"Toutes les images disparaîtront [...]"

22h30, mk2 Bibliothèque : au sortir d'Adolescentes, des flashs me reviennent. La couleur d'un vernis à ongles ; les pleurs d'un proviseur au matin du 7 janvier 2015 ; les innombrables débats à table à propos de Parcoursup et du bac. Flashs, éléments, détails semblant insignifiants que connaissent et qu'ont vécus les deux protagonistes d'Adolescentes. Ce film documentaire narre la vie, entre 13 et 18 ans, du théorème de Thalès à la majorité, des COD et attributs au permis de conduire, d'Emma et Anaïs, deux adolescentes de Brive-la-Gaillarde. Aucune autre prétention sinon que de les suivre, du plus près possible, pendant 5 ans. Alors les souvenirs qui me reviennent, cette odeur de vernis bon marché, ces rédactions d'espagnol, ce sont les leurs, mais ce sont aussi les miens.


C'en est assez pour le mélo : puisqu'il faut présenter, présentons. À la manière du Boyhood de Richard Linklater (dont la beauté, la lumière onirique et la lente transformation du visage de son héros, Mason), tourné sur 12 ans, Adolescentes, réalisé par Sébastien Lifshitz, a été tourné entre 2013 et 2018, à grands renforts de rencontres régulières avec Emma, Anaïs, mais également avec leurs familles, partie intégrante du film.
Comme le nom l'indique, tout dans ce film évoque l'adolescence : petits tracas quotidiens et grands chagrins, premiers rituels, premières fois, chambres d'ado' et portes qui claquent. Mais est-ce à dire qu'on a affaire à un teen movie classique ?


Tout d'abord, c'est un documentaire très réaliste, naturaliste même : les petits aspects du quotidien, les mauvaises notes et les détails concrets de l'élaboration du bac de français, d'une carte d'histoire-géo ou de la tenue réglementaire d'un bac pro ne sont pas omis pour filmer le grandiose, le manifeste d'une adolescence ravagée, formule sex-drogue-et-rock'n'roll, cliché souvent véhiculé par les teen-movies américains. Ici, Sébastien Lifshitz dresse un portrait de deux adolescentes par touches successives, se concentrant sur les lieux clefs : école, maison, amis, mais le fait sans commentaires, sans jugement. Les choses ne font que se dérouler, en somme. À la manière du podcast Les Pieds sur Terre de France Culture, les choses arrivent, c'est tout.

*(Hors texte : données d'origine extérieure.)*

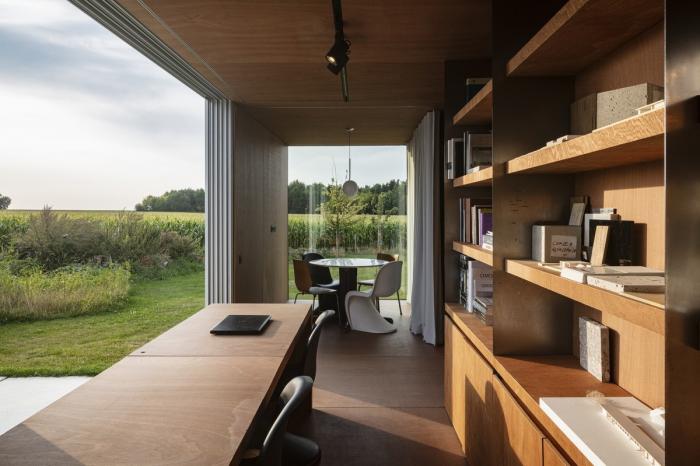 它們放置在負接頭的位置,因此未經處理的鋼帶可以放置在書架之間,形成書架的垂直元件,而不需要額外的部件。這使得用戶可以輕松解構書架和回收材料。復式繪畫的兩個部分就是我們所說的建筑實驗室。他們構成了我們辦公室的知識核心。在這里,來訪者和我們的團隊可以一起工作;從材料、環境中獲得靈感,相互啟發。你可以很容易地在更多的地方看到實驗室的概念。我們可以想象另一個實驗室對另一個網站給出不同的答案,但它仍然是三聯體的一部分。還有更多的設計被稱為polyptych。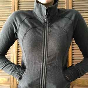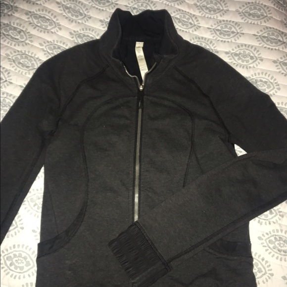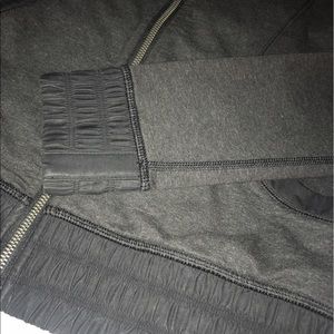 Charcoal grey lulu lemon jacket! Super cute ruffle detail on the waist and bottom of sleeves, collar neck, and mesh like back (not see through, just very light weight material.) No longer sold in stores and barely been worn. Open to offers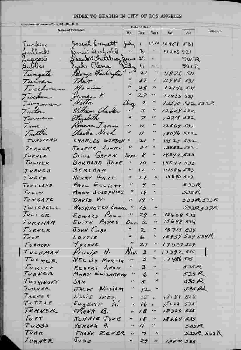 Notes for PHILIP H TUCHMAN: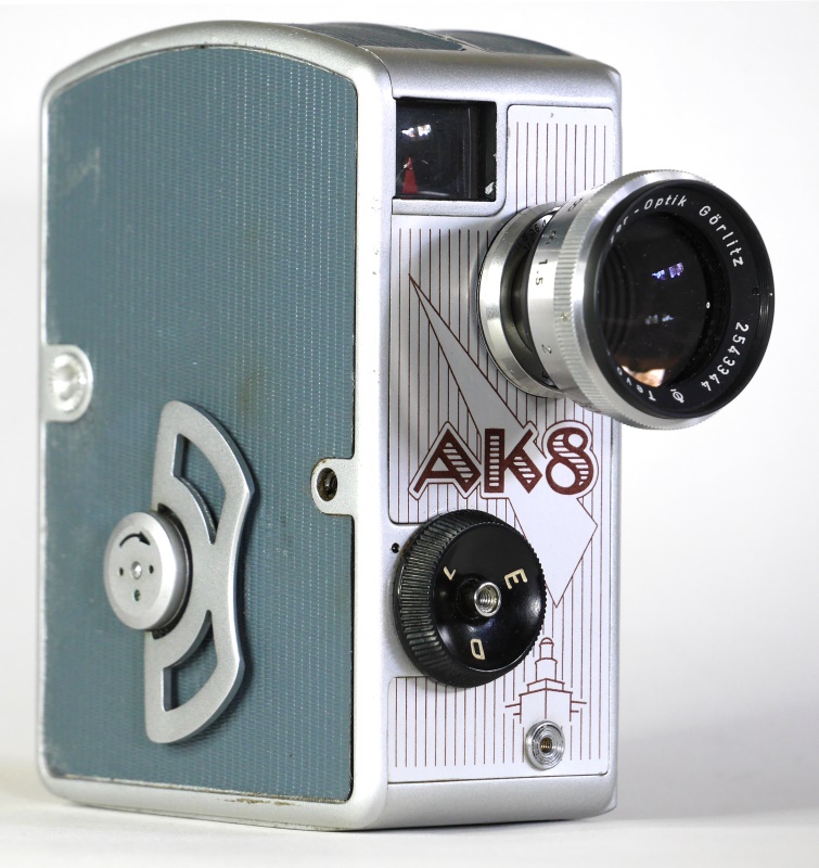 Hier ist die Hauptdarstellerin des vorgestellten DEFA Werbefilms, die AK8 des VEB Zeiss-Ikon (Dresden). Sie war die erste nach 1945 im Osten Deutschlands gefertigte 8mm-Kamera, bis dahin waren nur Kameras aus dem Ostblock im Handel. Die AK8 wurde in großen Stückzahlen von 1950 bis ca. 1965 produziert. Meiner Meinung nach der Trabant unter den Filmkameras, war sie doch der Wunschtraum vieler Filmamateure. Der stolze Preis bei Einführung: 288,--M, ab 1960 215,--M.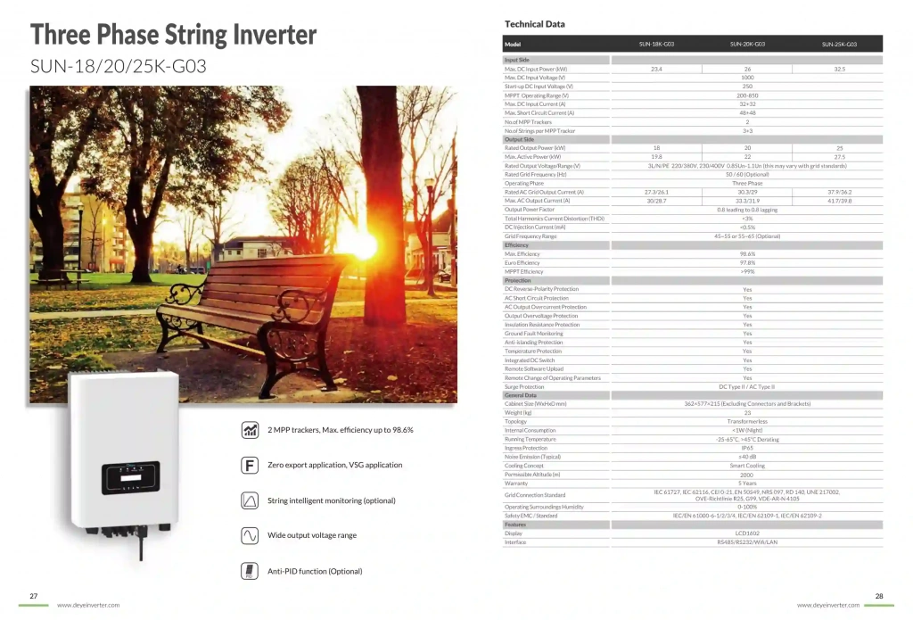 Deye 25 kW Trifaze On-Grid İnverter – Teknik Özellikler
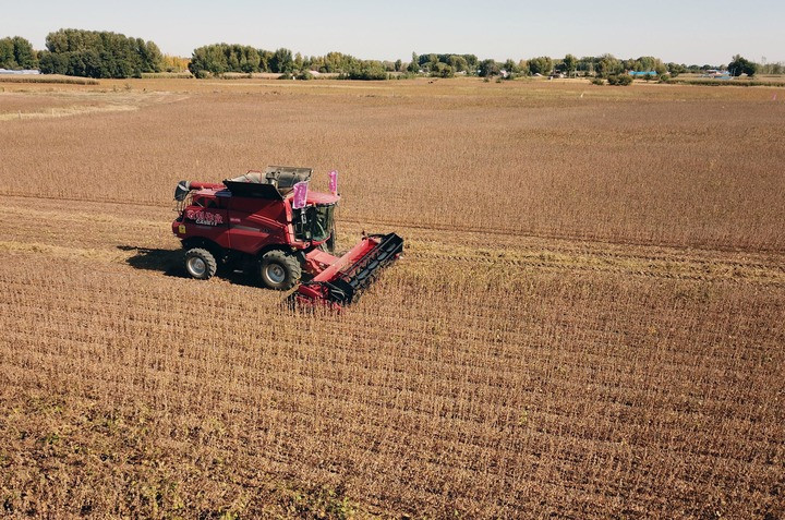 9月29日奇侠优配,在内蒙古自治区兴安盟扎赉特旗音德尔镇,大型机械在收获大豆。(新华社)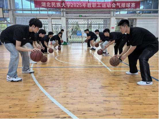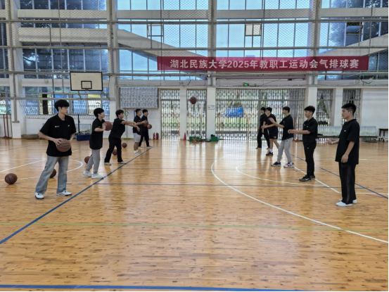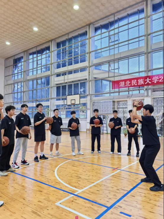 在出征仪式开始前,万利副书记为全体志愿者组织了岗前培训会。会上,万利副书记勉励大家要深刻理解并践行姚基金的公益理念,弘扬“奉献、友爱、互助、进步”的志愿者精神,将所学专业知识转化为服务乡村教育的实践能力。此次培训之前,万利副书记与教练员宋庆龙、韩表表老师还组织志愿者们进行了教学技能展示。志愿者们动作规范、技术扎实,配合默契,凭借出色的篮球技艺和饱满的精神状态,展现出湖北民大学子过硬的专业素养与昂扬向上的青春风采,也为即将开展的支教工作奠定了坚实基础。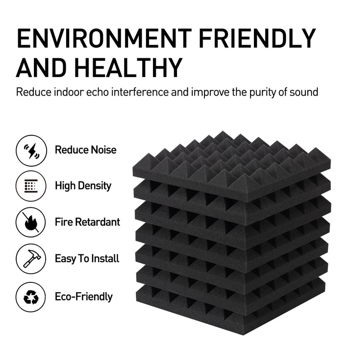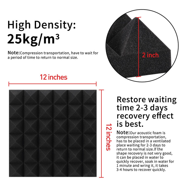 - High Density 25Kg/ : Our acoustic foam are made from a non-toxic, fireproof and high-density polyurethane material. Passed the environmental protection, is a safe and reliable product. Note: Our acoustic foam is compression transportation, has to be placed in a ventilated place waiting for 2 days to return to normal size.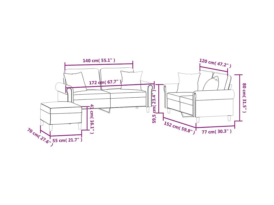 Ensemble de canapés 3 pcs avec coussins gris foncé velours

Dans son fond, c'est donc un portrait de deux adolescentes, Emma, sérieuse derrière sa mèche noire, tiraillée entre sa passion pour l'art et sa mère stricte (mais oui, c'est vrai, comment faire accepter à Papa et Maman que l'on veut étudier le cinéma ?), et Anaïs, gouailleuse, franche, à l'histoire familiale et sociale compliquée. Sans jamais s'apitoyer sur leur sort ni les juger, — ce film aurait pu devenir un documentaire condescendant sur la France d'hors Paris, sur les TER intercités et les rendez-vous au lac en plein été — Sébastien Lifshitz observe ces deux adolescentes grandir et s'épanouir, traverser les épreuves de leur vie de jeunes filles, jeunes femmes, presqu'adultes. Si l'on peut relever une très grande pudeur dans son approche de l'amour — bien loin du film À 14 ans, qui m'avait marquée par son traitement cru et inapproprié de la sexualité adolescente —, les expériences montrées dans ce documentaire traitent de l'universalité d'un premier amour, d'une peur de la fameuse première fois, des conversations adolescentes et des corps, sans qu'ils soient commentés, qui changent.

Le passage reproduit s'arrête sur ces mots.